This section is from the book "The Law Of Contracts", by William Herbert Page. Also available from Amazon: Commercial Contracts: A Practical Guide to Deals, Contracts, Agreements and Promises.
In a few jurisdictions it is said that renunciation before performance is due does not amount to breach, but that if such renunciation is not withdrawn when performance is due breach exists.1 The doctrine of breach by renunciation before performance is due, as applying to contracts for the sale of personalty,2 or for the sale of realty,3 is repudiated in some jurisdictions. In some cases in which the courts do not seem to deny the general principle that renunciation before performance is due gives a right of action at once, this principle is not applied to facts which in most jurisdictions would be regarded as. involving the application of such principle.4 A contract by which one agrees to adopt another and make him his heir has been held not to be broken during the promisor's lifetime, by his declaration that he does not intend to carry the contract out, as he may yet conclude to do so.5 If A and B have entered into a contract by which B is to act as an architect for a certain compensation, A's refusal to permit B to perform has been held not to be, in itself, a breach of such contract; and accordingly a complaint which alleges such contract and such renunciation, but which does not in terms allege non-payment, does not state a cause of action.6
18 Holt v. United Security Life Ins. Co., 74 N. J. L. 795, 11 L. R. A. (N.S.) 100, 67 Atl. 118.

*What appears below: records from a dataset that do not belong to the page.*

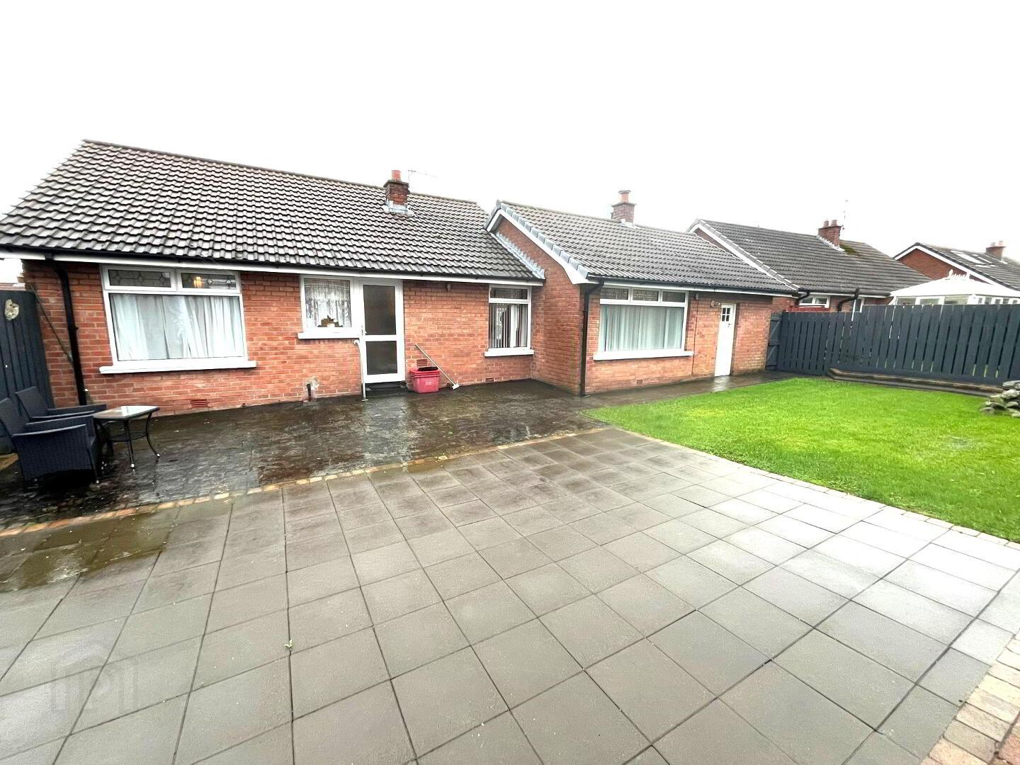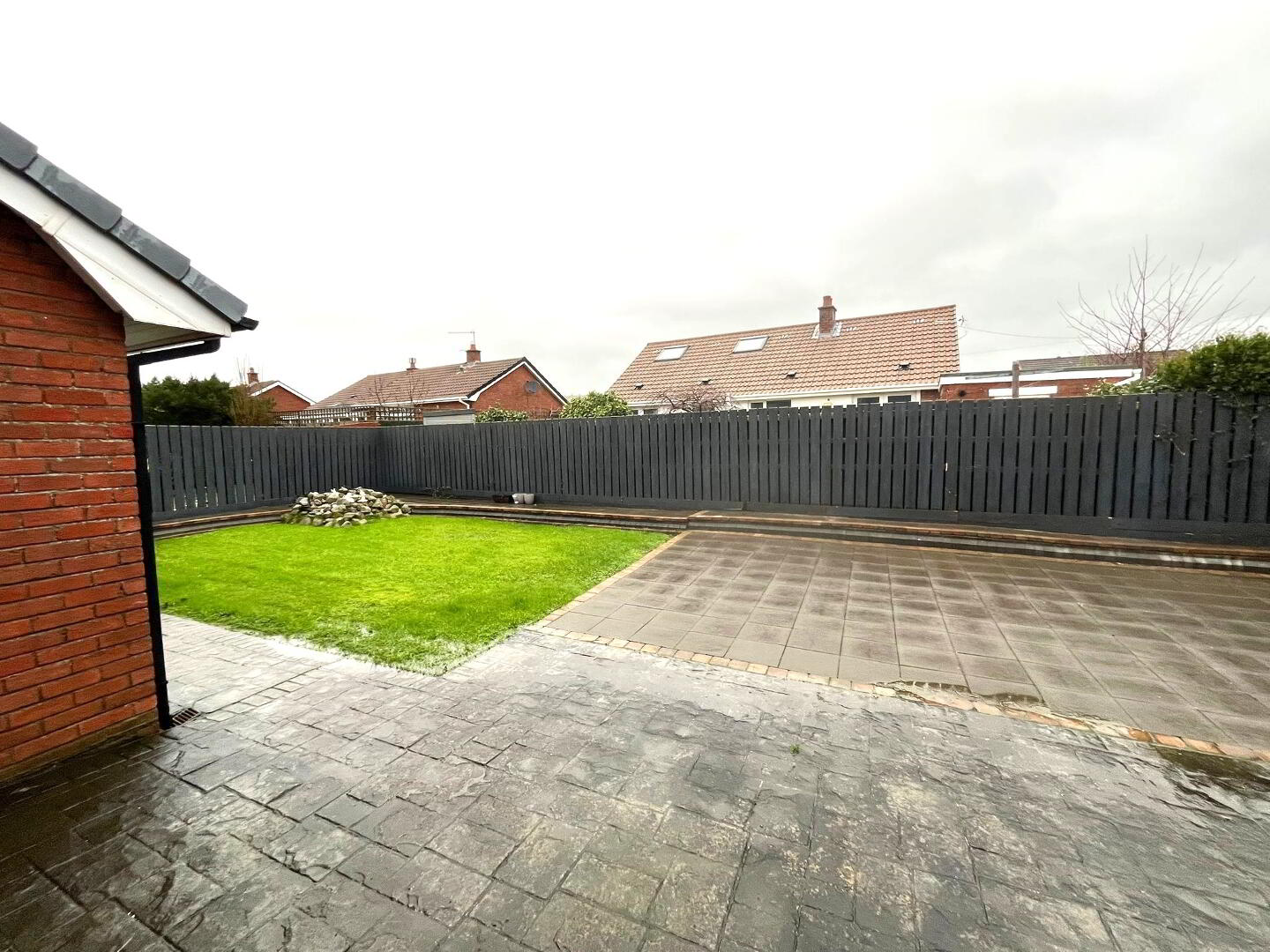 laid in lawn with patio area bounded by fencing.
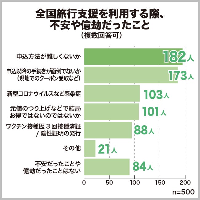 今回この全国旅行支援を実際に利用してみて、不安だったことや億劫だったことについても聞いてみました。
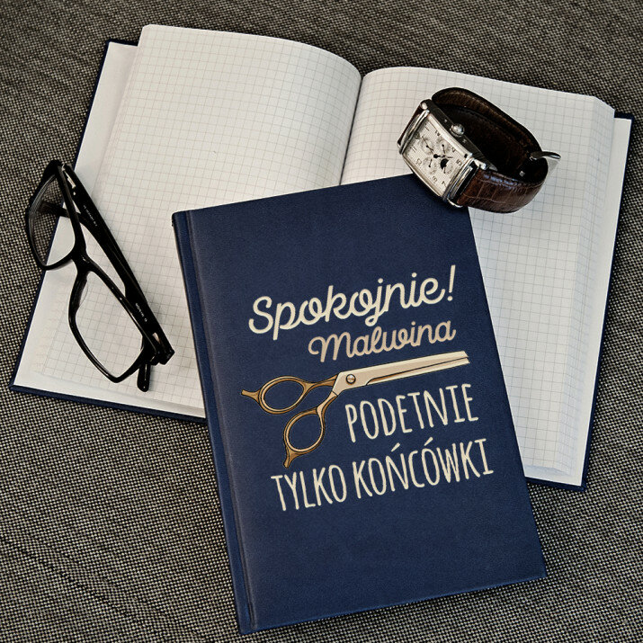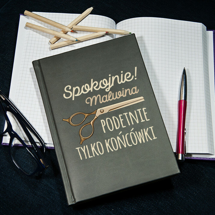 Notatnik książkowy w formacie A5 z wysokiej jakości nadrukiem UV.Notatnik wykończony jest miękkim materiałem i obszyty na brzegach.
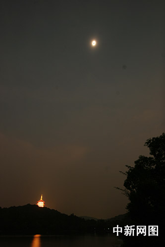 圖:日全食美景照亮杭州西湖(4)
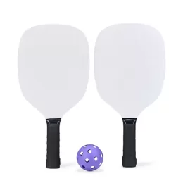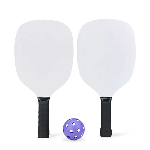 Descrição: Kit Pickleball com duas raquetes de madeira (sendo uma face personalizada e outra lisa) com grip composto em fibras de carbono e vidro e quatro bolas plástica com 26 furos. Acompanha bolsa de nylon com alça de mão e visor plástico transparente.
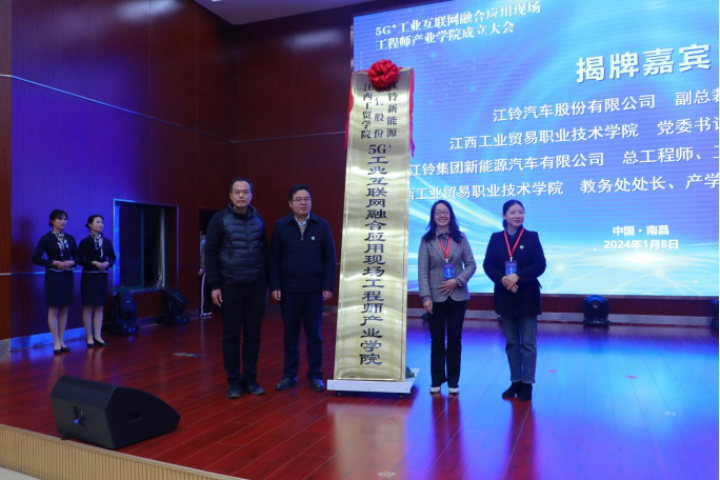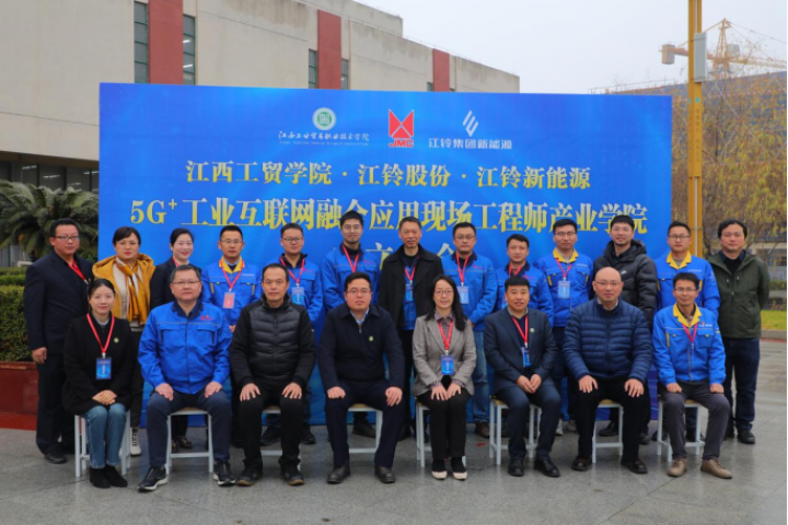 1月8日,江西工业贸易职业技术学院(以下简称工贸学院)与江铃汽车股份有限公司(以下简称江铃股份)、江西江铃集团新能源汽车有限公司(以下简称江铃新能源)在学院图文信息中心学术报告厅举行5G+工业互联网融合应用现场工程师产业学院成立大会暨第一期培养班开班仪式。江西工贸学院党委书记、院长万晓波,江铃股份副总许兰锋,江铃新能源总工程师、工程研究院院长姜筱华出席成立大会,学院教务处处长、产学研培发展中心负责人曾聪,机电工程系主任马龙凤,产学研培发展中心副主任黄梅,产业学院校企导师及学生代表等领导和嘉宾共计260余人参加会议。会议由学院党委委员、副院长宋小兵主持。

See, however, Greenway v. Gaither, Taney (U. S. C. C.) 227, Fed. Cas. No. 6783.
19 Holt v. United Security Life Ins. Co., 74 N. J. L. 795, 11 L. R. A. (NS.) 100, 67 Atl. 118.

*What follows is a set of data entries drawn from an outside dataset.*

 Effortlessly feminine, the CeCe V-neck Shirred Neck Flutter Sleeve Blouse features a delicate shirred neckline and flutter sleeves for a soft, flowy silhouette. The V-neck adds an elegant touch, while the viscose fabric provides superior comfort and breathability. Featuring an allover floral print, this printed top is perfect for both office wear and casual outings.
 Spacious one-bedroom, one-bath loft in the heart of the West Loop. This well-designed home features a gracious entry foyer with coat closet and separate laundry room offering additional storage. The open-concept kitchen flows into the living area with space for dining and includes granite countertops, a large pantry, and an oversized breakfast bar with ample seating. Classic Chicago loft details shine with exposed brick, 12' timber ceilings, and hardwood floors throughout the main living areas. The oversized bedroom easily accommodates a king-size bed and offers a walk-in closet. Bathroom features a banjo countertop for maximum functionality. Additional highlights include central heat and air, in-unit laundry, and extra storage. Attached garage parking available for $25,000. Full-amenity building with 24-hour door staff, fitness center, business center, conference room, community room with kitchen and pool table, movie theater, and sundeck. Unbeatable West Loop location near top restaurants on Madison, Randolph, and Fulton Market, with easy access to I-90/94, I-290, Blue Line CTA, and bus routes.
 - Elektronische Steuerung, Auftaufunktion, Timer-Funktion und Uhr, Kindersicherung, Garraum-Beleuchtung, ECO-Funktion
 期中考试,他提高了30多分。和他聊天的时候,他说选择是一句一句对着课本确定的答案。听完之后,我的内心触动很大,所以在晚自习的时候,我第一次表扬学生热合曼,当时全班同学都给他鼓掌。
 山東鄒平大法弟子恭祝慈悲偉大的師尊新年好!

20 American Mfg. Co. v. Klarquist, 47 Minn. 344, 50 N. W. 243; Nichols v. Scranton Steel Co., 137 N. Y. 471, 33 N. E. 561.

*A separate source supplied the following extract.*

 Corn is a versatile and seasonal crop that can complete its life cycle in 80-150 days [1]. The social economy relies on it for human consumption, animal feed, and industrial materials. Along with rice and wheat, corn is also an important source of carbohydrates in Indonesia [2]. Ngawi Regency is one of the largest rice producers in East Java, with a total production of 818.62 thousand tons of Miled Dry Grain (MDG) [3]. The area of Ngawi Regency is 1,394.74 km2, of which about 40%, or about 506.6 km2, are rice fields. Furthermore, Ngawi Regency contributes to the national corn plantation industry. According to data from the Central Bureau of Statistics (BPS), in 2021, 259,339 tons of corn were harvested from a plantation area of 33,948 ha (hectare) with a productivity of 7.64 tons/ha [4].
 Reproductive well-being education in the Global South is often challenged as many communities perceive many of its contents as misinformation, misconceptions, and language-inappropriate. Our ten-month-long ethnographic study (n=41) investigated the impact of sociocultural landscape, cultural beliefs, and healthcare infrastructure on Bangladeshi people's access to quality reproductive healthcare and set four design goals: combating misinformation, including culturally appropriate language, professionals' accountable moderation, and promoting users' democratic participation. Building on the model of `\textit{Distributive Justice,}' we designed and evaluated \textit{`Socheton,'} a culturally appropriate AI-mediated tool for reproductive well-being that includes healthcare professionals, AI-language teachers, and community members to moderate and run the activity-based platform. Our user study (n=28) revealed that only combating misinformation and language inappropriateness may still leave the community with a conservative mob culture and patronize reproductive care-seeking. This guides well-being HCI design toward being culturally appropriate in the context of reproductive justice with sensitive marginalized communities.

2 1 Nichols v. Scranton Steel Co., 137 N. Y. 471, 33 N. E. 561.
22 See Sec. 2908 et seq.
1 Daniels v. Newton, 114 Mass. 530, 19 Am. Rep. 384; Porter v. Supreme Council, 183 Mass. 326, 67 N. E. 238; Carstens v. McDonald, 38 Neb. 858, 57 N. W. 757; King v. Waterman, 55 Neb. 324, 75 N. W. 830 (obiter); Hixson Map Co. v. Nebraska Post Co., 5 Neb. (unoff.), 388. 98 N. W. 872.
This view was at one time entertained in North Dakota. Stanford v. McGill, 6 N. D. 536, 38 L. R. A 760, 72 N W. 938. This case has been overruled, however, and the majority view has been adopted. Hart-Parr Co. v. Finley, 31 N. D. 130, L. R. A 1915E. 851, 153 N. W. 137.
2 Garstens v. McDonald, 38 Neb. 858, 57 N. W. 757.
3 Daniels v. Newton, 114 Mass. 530, 19 Am. Rep. 384; King v. Waterman, 55 Neb. 324, 75 N. W. 830.
4 McPherson v. Hattich, 10 Ariz. 104, 85 Pac, 731; Pittman v. Pittman, 110 Ky. 306, 61 S. W. 461.
See also, Maud v. Maud, 33 O. S. 147, in which repudiation by A in his lifetime contract by which certain realty, the consideration for which was furnished by At B and C, was to belong to A for life and to be divided between B and C on A's death, was held not to give to B a right to sue in equity or to recover compensation before A's death.
5 Pittman v. pittman, 110 Ky. 306, 61 S. W. 461.
"Does the fact that the appellee fraudulently represented that he would make the appellant his heir at law, and thus allow him to inherit with his other children his estate, and his declaration now that he does not intend to carry out that contract, precipitate a cause of action? We think not. The appellee might conclude to carry out the contract by making it possible, by will or otherwise, that the appellant should take a share of his estate. If he should do that, then appellant certainly would have no cause of action against his estate for the alleged services or for specific performance. His estate might be large or small at his death, no one at this time being able to tell when he might die or what he might possess at his death. He did not agree that his estate would be of a certain value. The appellee has during his life the right to carry out his contract with the appellant. If he elects not to do so, then, of course, the appellant would have to proceed to recover from his estate the value of the services which he had performed, if he is not entitled to a specific performance of the contract; but we do not decide what will be his rights, if any he may have, at the death of the appellee. This right existing in appellee, to elect what coarse he will pursue with reference to the promise which he made to appellant, prevents a cause of action from arising in favor of appellant before the death of the appellee. Therefore, if the appellant can at any time maintain an action on the alleged contract, the time has not arrived for doing so." Pittman v. Pittman, 110 Ky. 306, 61 S. W. 461.